(Dataset records)

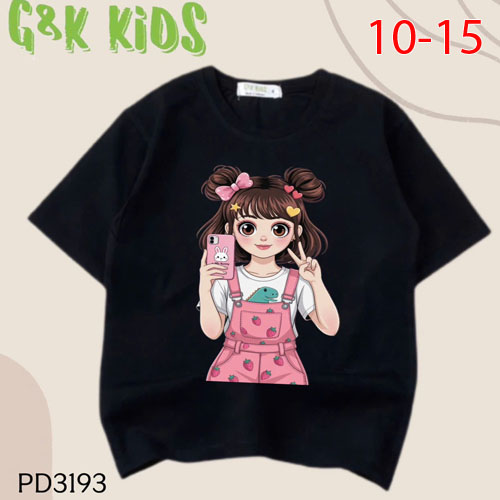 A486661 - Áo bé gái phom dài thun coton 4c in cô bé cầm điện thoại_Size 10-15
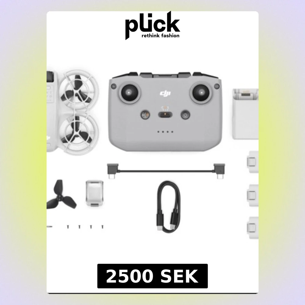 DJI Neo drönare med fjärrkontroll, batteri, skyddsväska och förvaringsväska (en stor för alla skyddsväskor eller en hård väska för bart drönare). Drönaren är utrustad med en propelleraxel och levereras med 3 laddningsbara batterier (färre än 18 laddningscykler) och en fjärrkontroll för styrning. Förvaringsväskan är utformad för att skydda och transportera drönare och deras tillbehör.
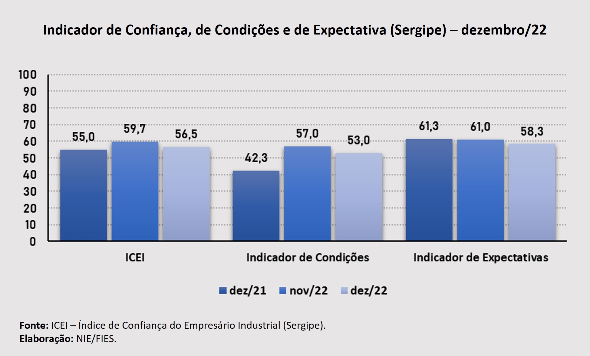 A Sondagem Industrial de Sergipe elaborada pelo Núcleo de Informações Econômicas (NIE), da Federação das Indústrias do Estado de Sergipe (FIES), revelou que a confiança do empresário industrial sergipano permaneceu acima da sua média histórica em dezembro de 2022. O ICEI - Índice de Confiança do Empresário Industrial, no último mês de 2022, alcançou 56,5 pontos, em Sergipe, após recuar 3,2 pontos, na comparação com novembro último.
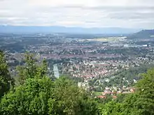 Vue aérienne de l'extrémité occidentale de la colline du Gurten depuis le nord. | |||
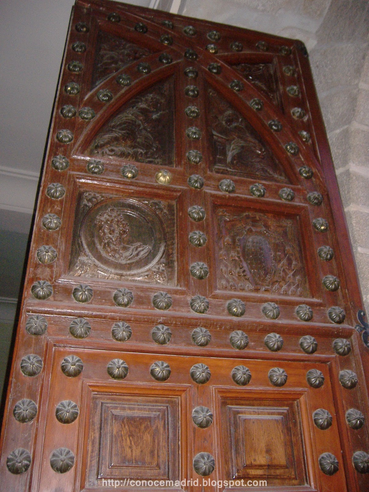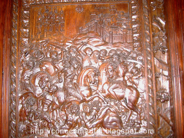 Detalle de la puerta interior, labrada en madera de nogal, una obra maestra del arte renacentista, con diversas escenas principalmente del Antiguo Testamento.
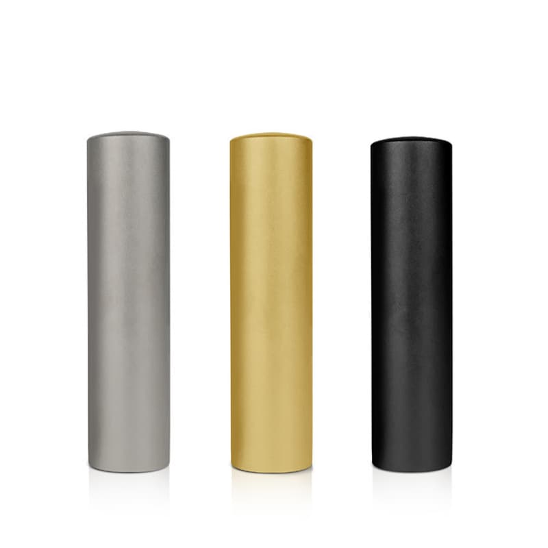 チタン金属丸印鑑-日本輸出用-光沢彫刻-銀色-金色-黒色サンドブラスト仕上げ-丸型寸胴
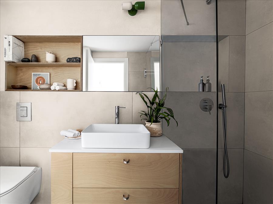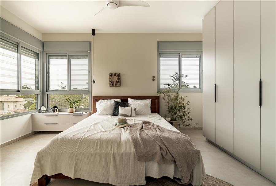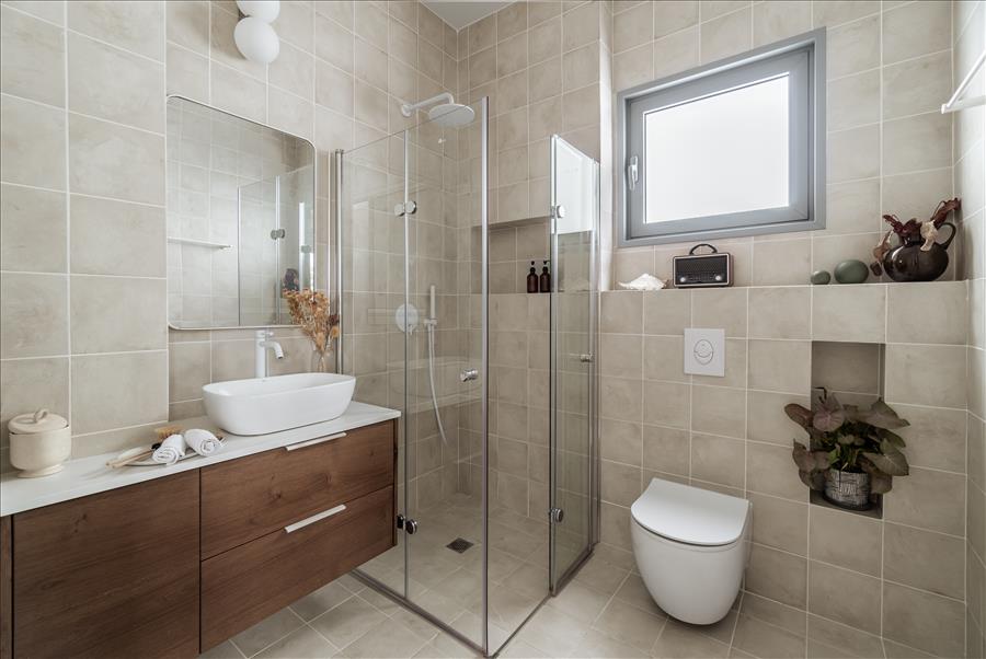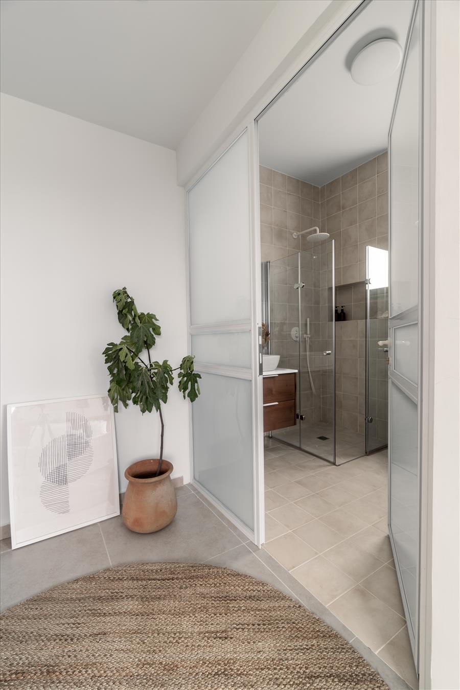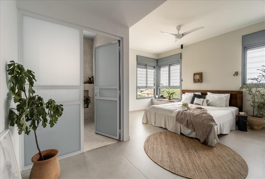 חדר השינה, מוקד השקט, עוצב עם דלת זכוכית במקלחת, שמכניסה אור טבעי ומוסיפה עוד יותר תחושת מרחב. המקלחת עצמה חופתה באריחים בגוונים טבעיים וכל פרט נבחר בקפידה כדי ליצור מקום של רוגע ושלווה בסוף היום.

◆ **WHAT IS BEING ASKED**
Write out, word for word, the lines from the start of the data through the one holding "DJI Neo drönare". Omit pictures.

◆ **ANSWER FOR THE TASK**
 A486661 - Áo bé gái phom dài thun coton 4c in cô bé cầm điện thoại_Size 10-15
 DJI Neo drönare med fjärrkontroll, batteri, skyddsväska och förvaringsväska (en stor för alla skyddsväskor eller en hård väska för bart drönare). Drönaren är utrustad med en propelleraxel och levereras med 3 laddningsbara batterier (färre än 18 laddningscykler) och en fjärrkontroll för styrning. Förvaringsväskan är utformad för att skydda och transportera drönare och deras tillbehör.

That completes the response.